How can I use .viewAs
instead of .viewAsSupertype(type)
?
While viewAsSupertype
is helpful for one-off casts, the need to provide a type template object
each time can be onerous.
Because of the subtyping relationship, you can use PartialDataView.supertype
to create a
DataView
from a Bundle type to a parent type by just providing the function to construct an
instance of the parent type from an instance of the child type.

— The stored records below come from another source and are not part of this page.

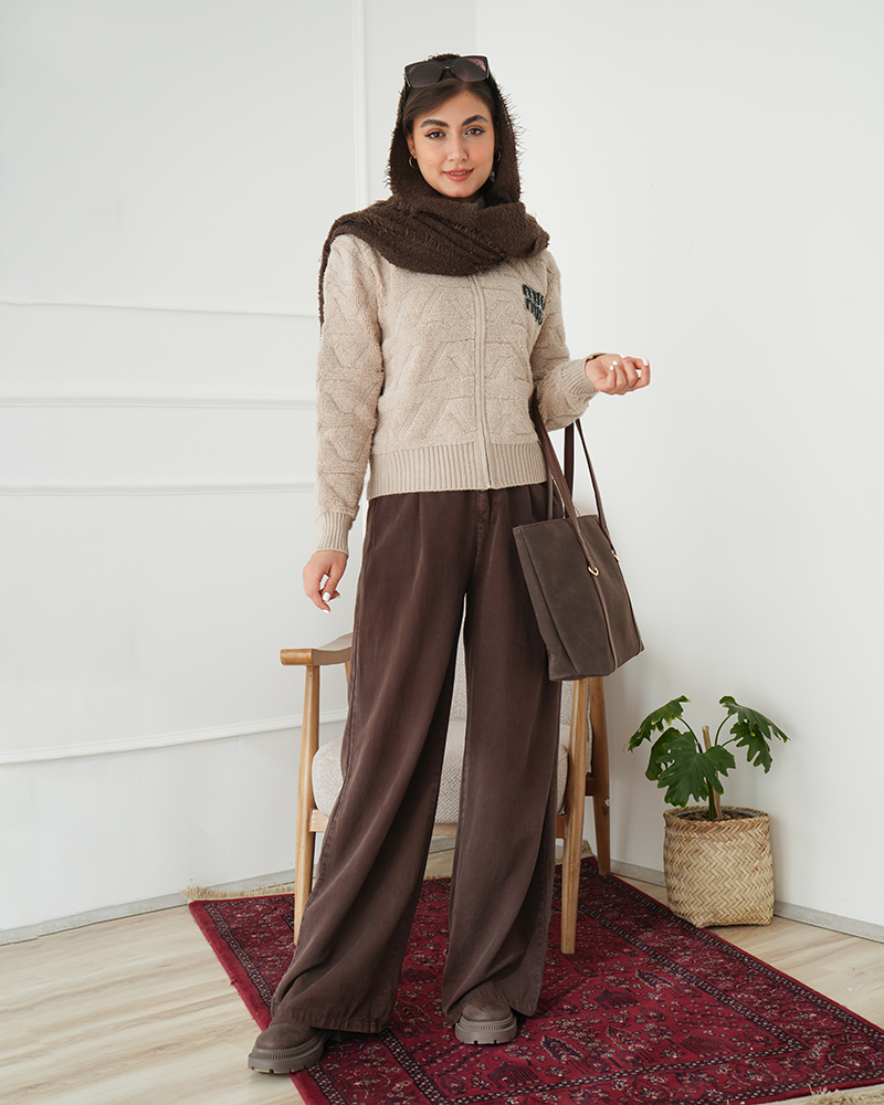 - توضیحات محصول: جنس سویشرت، بافت لطیف گرم بالا است. سوتیشرت آستین بلند و جلوزیپی می باشد. روی لباس نگین کاری شده است. این محصول کشسانی بالایی دارد.
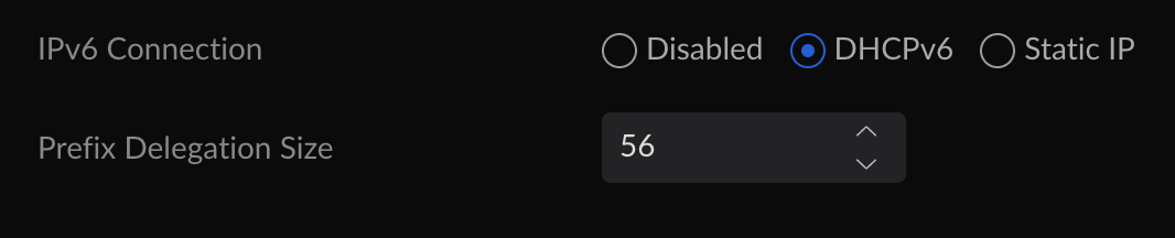 Primary WAN settingsNow - for each network that is to get IPv6 (for this example just the default network) - settings > networks > default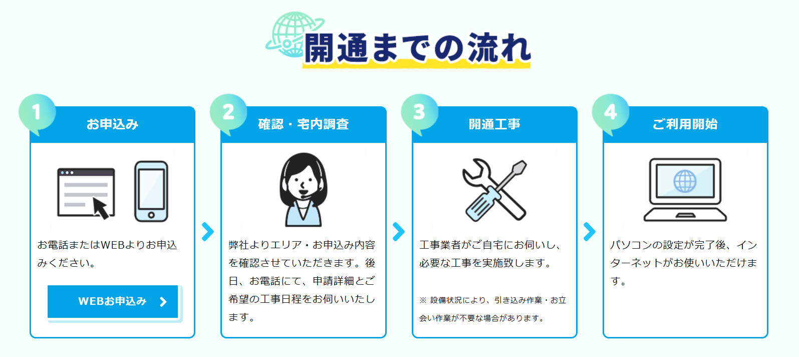 申し込み〜開通までの流れ(工事日程・ホームゲートウェイ交換・開始の目安)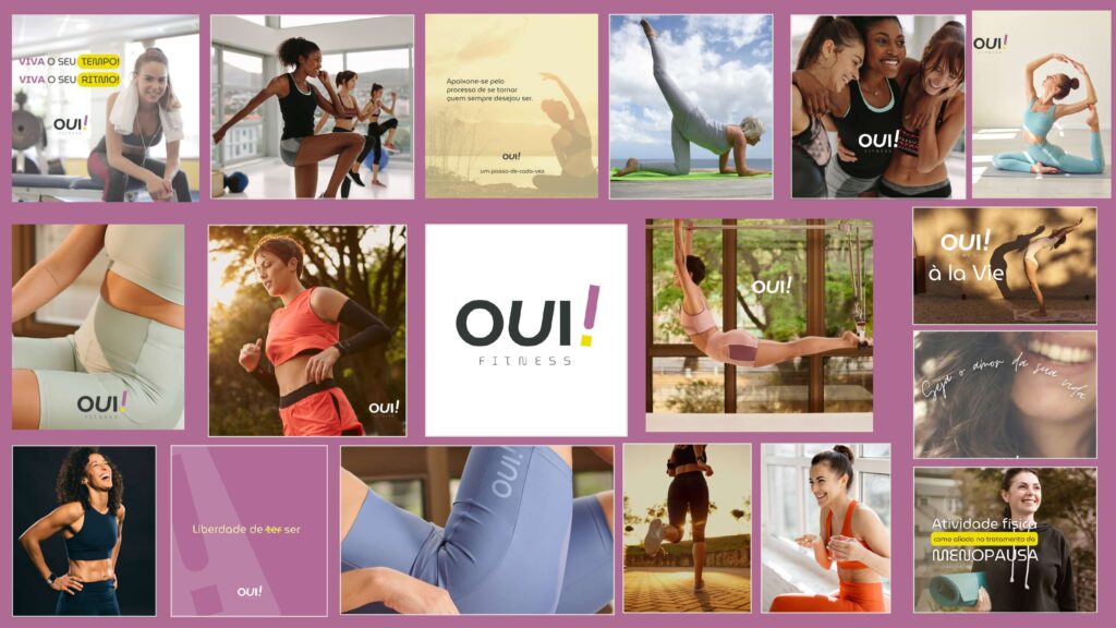 Nosso trabalho com a Oui! Fitness resultou em uma identidade que comunica a essência da marca de forma clara e impactante, criando uma conexão profunda e emocional com seu público, ao mesmo tempo que reflete a jornada de transformação que a marca proporciona.

The mapping of corresponding fields is automatically determined by Chisel to be the fields defined
in the supertype.
import chisel3._
import chisel3.experimental.dataview._
class Foo(x: Int) extends Bundle {
val foo = UInt(x.W)
}
class Bar(val x: Int) extends Foo(x) {
val bar = UInt(x.W)
}
// Define a DataView without having to specify the mapping!
implicit val view: DataView[Bar, Foo] = PartialDataView.supertype[Bar, Foo](b => new Foo(b.x))
class MyModule extends Module {
val foo = IO(Input(new Foo(8)))
val bar = IO(Output(new Bar(8)))
bar.viewAs[Foo] := foo // bar.foo := foo.foo
bar.bar := 123.U // all fields need to be connected
}
// Generated by CIRCT firtool-1.94.0
module MyModule(
input clock,
reset,
input [7:0] foo_foo,
output [7:0] bar_foo,
bar_bar
);
assign bar_foo = foo_foo;
assign bar_bar = 8'h7B;
endmodule